Le film est réalisé par Raja Krishna Menon, cinéaste qui sait manier les récits de tension et les contextes sous pression. Son nom évoque une certaine rigueur de mise en scène, un goût pour les dispositifs où le suspense naît moins du grand spectacle que de l’érosion mentale, du doute, de la fissure intime. Autrement dit, le bon terreau pour un psychologique horror qui ne veut pas seulement faire sursauter mais gratter là où ça fait mal. En choisissant Londres comme lieu de prise de vues, la production s’offre aussi un décor qui peut jouer sur l’exil, l’isolement, la déterritorialisation des corps et des affects. Le genre adore ça : une ville étrangère, des repères qui se dérobent, et hop, la machine à fantasmes se met en route.
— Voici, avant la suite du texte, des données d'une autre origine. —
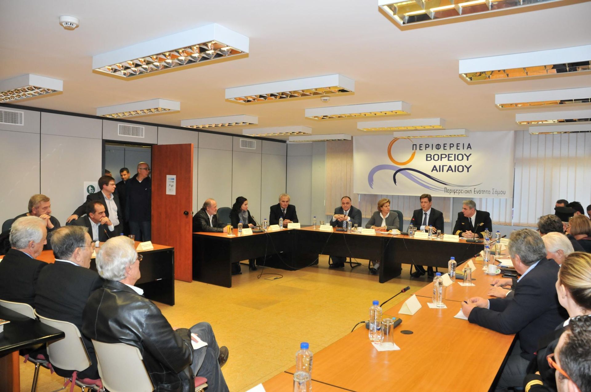 Ακολούθως ο κ. Υπουργός πήγε στο κτίριο της Περιφερειακής Ενότητας Σάμου, όπου συναντήθηκε με την Περιφερειάρχη Βορείου Αιγαίου, Χριστιάνα Καλογήρου και τον Αντιπεριφερειάρχη Σάμου, Νικόλαο Κατρακάζο. Στη συνέχεια προέδρευσε σε διευρυμένη σύσκεψη με φορείς της ευρύτερης περιοχής και βασικό θέμα το ακτοπλοϊκό δίκτυο του νησιού, αλλά και του υπόλοιπου Βορείου Αιγαίου. Παρόντες στη σύσκεψη, πέραν της Περιφερειακής αρχής, ήταν επίσης, ο Σεβασμιότατος Μητροπολίτης Σάμου, κ.κ. Ευσέβιος, η βουλευτής του ΣΥ.ΡΙΖ.Α Σάμου, Αγνή Καλογέρη, ο Δήμαρχος Σάμου, Μιχάλης Αγγελόπουλος, ο Δήμαρχος Ικαρίας, Στυλιανός Σταμούλος, ο Δήμαρχος Φούρνων, Ιωάννης Μαρούσης, καθώς και εκπρόσωποι επιμελητηρίων και παραγωγικών φορέων της πόλης.

Un premier pas tamoul qui sent le calcul, pas le hasard

À ce stade, le geste industriel est presque aussi intéressant que le film lui-même. Quand un studio comme Panorama Studios décide d’entrer sur le terrain tamoul, il ne s’agit pas seulement d’élargir son catalogue : il s’agit de s’implanter dans un écosystème où les stars locales, les attentes régionales et la circulation des films entre langues dessinent une économie très particulière. Le tamoul, ce n’est pas un marché périphérique qu’on cocherait au stylo rouge dans un coin de tableau Excel. C’est une industrie à part entière, avec ses propres monstres sacrés, ses propres codes, ses propres attentes de box office. Et pour y entrer, mieux vaut éviter le remake paresseux ou le produit sans accent. Il faut une tête d’affiche qui pèse, une mise en scène qui tient la route et une promesse de genre qui ne prend pas le public pour des jambons.
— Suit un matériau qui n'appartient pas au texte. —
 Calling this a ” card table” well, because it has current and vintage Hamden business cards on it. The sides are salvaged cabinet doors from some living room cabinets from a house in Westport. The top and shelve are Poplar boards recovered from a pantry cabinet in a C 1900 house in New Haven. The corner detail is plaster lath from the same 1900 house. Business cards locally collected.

Trisha Krishnan coche précisément cette case. Sa présence donne au projet une légitimité immédiate, mais aussi une forme de souplesse : elle peut porter un film de tension sans le transformer en démonstration d’actrice en roue libre. C’est souvent là que le cinéma de genre indien devient intéressant, quand il cesse de singer Hollywood pour injecter dans ses structures des obsessions locales, des rapports de classe, des tensions familiales, des fantômes très concrets derrière les fantômes symboliques. Le psychologique, ici, n’est pas un vernis chic. C’est une manière de faire remonter le refoulé. Et ça, le cinéma indien sait le faire avec une belle mauvaise foi, ce qui est souvent meilleur signe que la bonne conscience.
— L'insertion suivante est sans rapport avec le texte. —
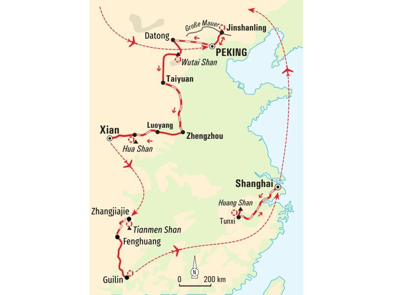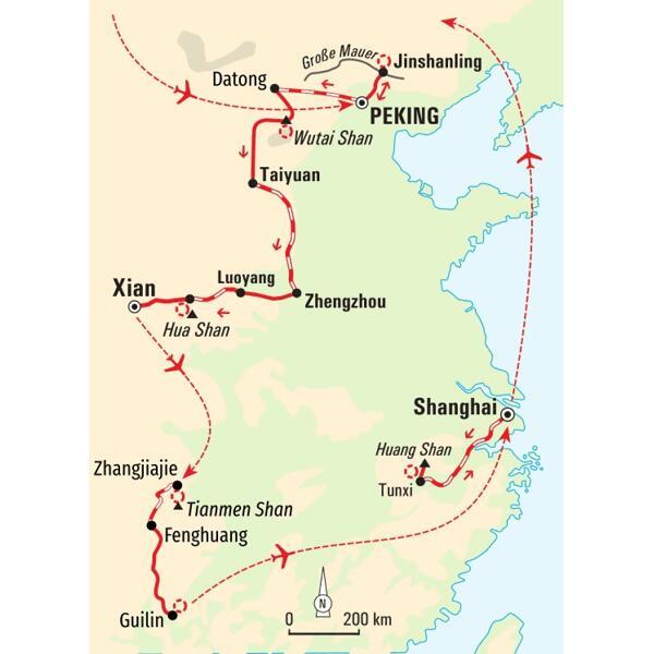 Wie dicke Nadeln ragen die Berge in den Himmel. Nebelschwaden wabern geheimnisvoll zwischen den Felsen bis das Sonnenlicht die Bühne betritt und die Wolkendecke in die Nebenrolle drängt. Das Huang Shan-Gebirge mit seiner dramatischen Kulisse ist filmreif – kein Wunder, dass es für viele Künstler als Inbegriff der Inspiration für Gemälde, Gedichte und Geschichten gilt. Aber auch die anderen "Heiligen Bergwelten" gehören eindeutig ins Rampenlicht: Wir wandern auf der sanften Hochebene des Wutai Shan und bewundern die bilderbuchartigen buddhistischen Tempel entlang des Weges. Am, von den Daoisten verehrten, Songshan öffnet das weltberühmte Shaolin-Kloster seine Tore für uns und das Huang Shan-Gebirge setzt seine steilen Felswände mit den knorrigen Kiefern perfekt in Szene. Der Hua Shan liefert uns mit seinen bizarren Klippen und theatralischen Felsabstürzen atemberaubende Motive, aber natürlich widmen wir uns auch den kulturellen Schauplätzen des Reiches: In der Megacity Peking staunen wir über die prachtvolle Verbotene Stadt und in der Boomtown Shanghai über die futuristische Skyline. Wir halten beim Anblick der stolzen Terrakotta-Krieger den Atem an und atmen den Duft der Räucherkerzen beim Besuch des hängenden Klosters. Wir werden ganz klein bei unserer Wanderung durch die imposanten Halleluyah-Berge und auf der Großen Mauer und bekommen großen Appetit in den einladenden Garküchen. Ausgerechnet Konfuzius prägte die Lebensweisheit "nichts hören, nichts sehen, nichts sagen", dabei erwartet uns in China genau das Gegenteil: Wir hören spannende Geschichten, sehen unvergleichliche Naturlandschaften und sagen am Ende "Fortsetzung folgt".

Londres, ou la maison hantée avec passeport

Le choix de Londres comme lieu de tournage n’a rien d’un simple décor de carte postale. Dans le cinéma indien contemporain, les tournages à l’étranger servent souvent à élargir le cadre visuel, certes, mais aussi à déplacer les personnages hors de leur environnement social habituel. Une ville comme Londres permet de travailler l’isolement, l’étrangeté, la fracture culturelle, tout en donnant au film une texture plus froide, plus clinique. Pour un récit d’horreur psychologique, c’est du pain béni. On peut y faire circuler la paranoïa, les silences, les faux-semblants, sans avoir besoin de multiplier les effets de manche. Et franchement, tant mieux : les films qui confondent volume sonore et terreur ont déjà assez pollué les salles comme ça.

Reste la question la plus piquante : quel type d’horreur va naître de cette alliance entre star tamoule, studio hindi et mise en scène londonienne ? Si le projet tient ses promesses, il pourrait s’inscrire dans cette zone rare où le film de genre devient aussi une histoire de déplacement identitaire, de tensions intimes et de circulation des regards. Pas besoin de faire hurler un démon toutes les cinq minutes pour créer du trouble. Un visage qui se ferme, une pièce trop blanche, une relation qui se détraque, et le film peut déjà commencer à mordre. Le vrai monstre, souvent, c’est le cadre lui-même.

En attendant de connaître son titre, ce premier film tamoul de Panorama Studios a déjà une vertu : il dit quelque chose de l’époque. Les studios veulent désormais traverser les langues, les régions et les marchés avec plus d’agilité, mais sans renoncer à l’accroche commerciale. Trisha Krishnan, Raja Krishna Menon, Radhika Sarathkumar, Aparna Balamurali, Londres, l’horreur psychologique : sur le papier, l’assemblage a de la tenue. Reste à voir si la maison tiendra debout quand les murs commenceront à respirer. Et là, on va enfin rigoler un peu. Ou pas.

Part.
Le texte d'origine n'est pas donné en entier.